Serum vitamin E levels significantly increased during vitamin supplementation (p = 0.04), from 750.8 ± 81.9 (first year) to 975 ± 70.3 (second year) to 784.8 ± 70 (third year). In most of the patients (10/14), vitamin E serum levels significantly decreased in the third phase. In these patients clinical features worsened during vitamin E wash-out including frequency and severity of infections, mouth ulcers and PCDAI. In the remaining patients vitamin E levels were stable. This might explain the nonsignificant reduction of vitamin E serum levels detected in the third phase.
No correlation was observed between parameters indicative of metabolic control and neutrophil count. Compliance to the dietary treatment did not correlate with neutrophil count, function and infections.
Inflammatory Bowel Disease Assessment
The presence of inflammatory bowel involvement was investigated in the seven patients followed at the Department of Pediatrics, Federico II University. Ileocolonoscopy was performed by an expert who was not aware of the treatment that patients were receiving. At study entry, ileocolonoscopy showed linear and aphthoid ulcers in three patients; histology showed severe infiltration of lymphocytes and monocytes in the lamina propria extending to submucosa and muscularis mucosa. In these patients, after one year of vitamin E supplementation, ileocolonoscopy showed an improved pattern with mild mucosal hyperaemia; histology showed foci of infiltration of lymphocytes in the lamina propria. In two additional patients, ileocolonoscopy initially showed ulcers, hyperaemia and friability of the mucosa, and histology demonstrated infiltration of lymphocytes and monocytes in the lamina propria. Normal pattern was detected both at ileocolonoscopy and histology at the end of the study.
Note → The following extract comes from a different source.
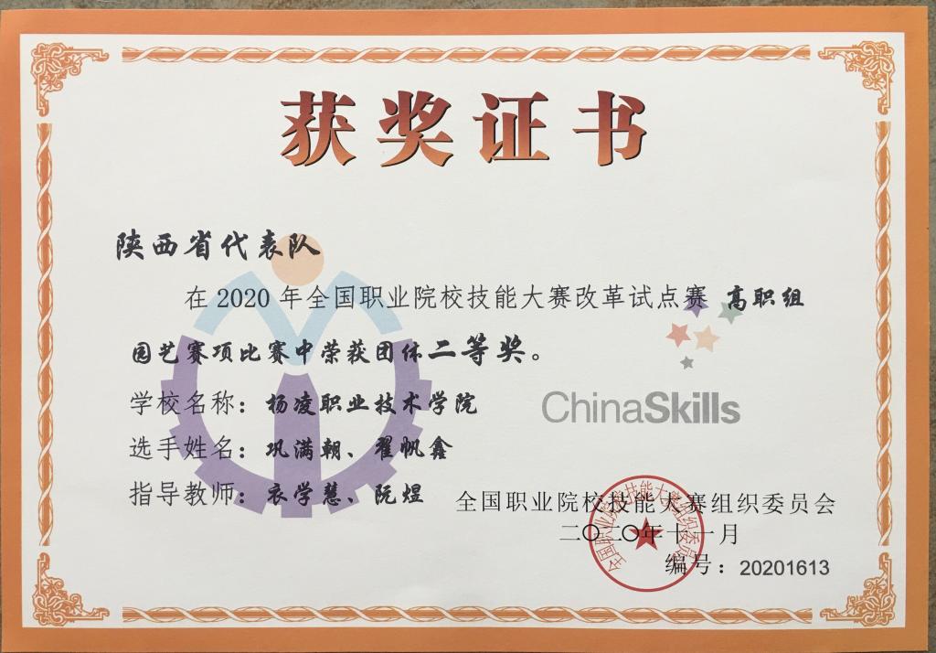 11月6日至9日,2020年全国职业院校技能大赛改革试点赛高职组园艺赛项在山东潍坊举行,来自28所院校的56名参赛选手同台竞技。经过激烈角逐,伟德官网参赛选手巩满朝、翟帆鑫荣获大赛二等奖,名列全国第五。

PCDAI showed a significant reduction in the inflammatory activity during vitamin E supplementation (13 ± 1.2 vs. 9 ± 1.4, p = 0.006). The abdominal pain and extra-intestinal manifestations including arthritis and mouth ulcers were the most significantly changed items. Moreover CRP levels significantly decreased during vitamin E supplementation (1.78 ± 0.5; 0.53 ± 0.13, p = 0.01). Haemoglobin concentrations showed an increase during vitamin E supplementation; however, the changes did not reach statistical significance (10.49 ± 0.53; 10.41 ± 0.57, p = 0.89) (Table 1).
G-CSF Side Effect Evaluation
At the study entry, splenomegaly was present in 7/18 patients and was associated with hypersplenism in two of them. These patients initially got 3–5 mg/kg G-CSF dose each day. In these patients G-CSF dose was reduced at the end of the study. In particular, five patients got every-other-day treatment; in two patients everyday treatment was changed in twice-a-week therapy. G-CSF dose reduction was combined with vitamin E supplementation. Although G-CSF dose was reduced, neutrophil count was stable and the frequency and severity of infections did not increase after 1-year follow-up.
Bone DEXA was performed in 12/18 patients and demonstrated osteoporosis in five patients and osteopenia in one patient; normal values were observed in the remaining patient.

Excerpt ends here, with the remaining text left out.